The production of monoclonal antibodies can be divided into a number of phases. (i) Immune splenocytes are fused with myeloma cells, and the resultant hybridomas are selected and adapted to growth in tissue culture. (ii)The hybridoma media (culture supernatants) are tested for the presence of antibody. (iii) Positive cultures are ‘weaned off’ feeder cells and, when fully adapted to growth in vitro,are cloned. (iv) Growing colonies of hybridoma cells are tested for secretion of antibody specific for the appropriate antigen, and positive cultures expanded (by growth and passage) and recloned. (v) Of these ‘re-clones’, those secreting the highest relative quantities of antibody (relative to the cell concentration) are selected for expansion and eventual storage. Chapters 2 and 3 dealt in detail with the preparation and passage of hybridoma cultures, and the conditions required for successful hybridoma production. This chapter will describe the methods for detecting antibody in hybridoma cultures, and the procedures of isolating monoclonal hybridomas (cloning).

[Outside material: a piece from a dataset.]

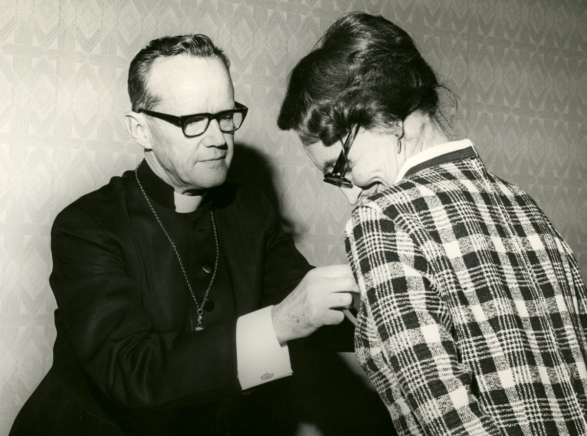 Medaljutdelning av biskop Bo Giertz till Mary Ekman i Församlingshemmet vid Biskopsvisitationen år 1966. Mary Ekman arbetade bland annat som söndagsskollärare.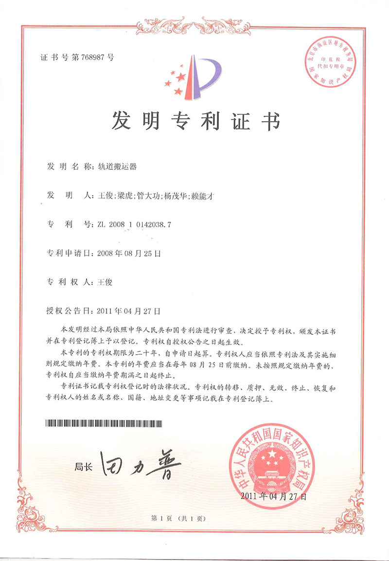 • 軌道搬運(yùn)器-發(fā)明證書

The antibody-detecting assays will be described in approximate order of frequency of use in reports of hybridoma technology, and only the major assays will be discussed in detail. Other procedures will be mentioned, but the assays described in detail are those which should prove most applicable to hybridoma technology.

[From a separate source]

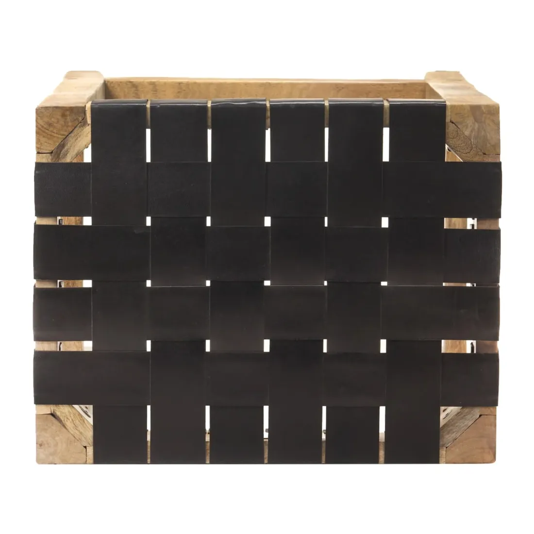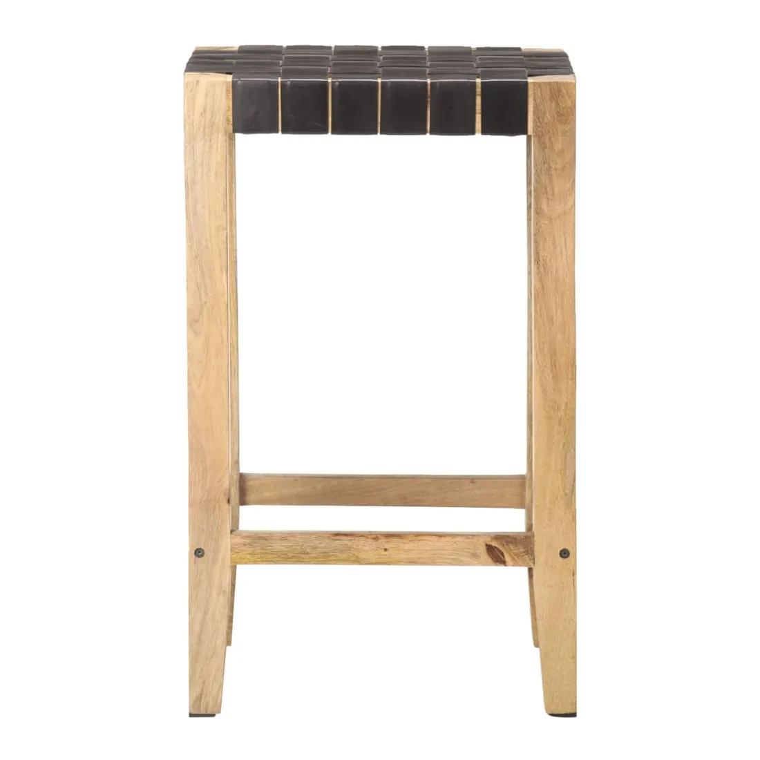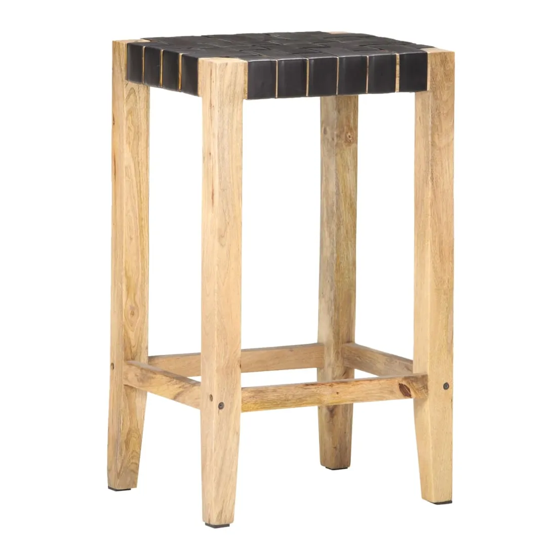 - Matériau : cuir de chèvre véritable avec finition noire, bois de manguier massif avec une finition naturelle

The three most commonly reported methods of cloning hybridoma cells will be described; the theoretical and practical advantages and disadvantages will be discussed.These procedures are cloning established hybridomas by limit dilution, isolation of colonies from the ‘masterplate’ (plate used for seeding the fusion mixture) – micromanipulation – and isolation of colonies in semi-solid ('sloppy') agar. A more recent adaptation, that of cloning hybridoma cells immediately after fusion, will also be described.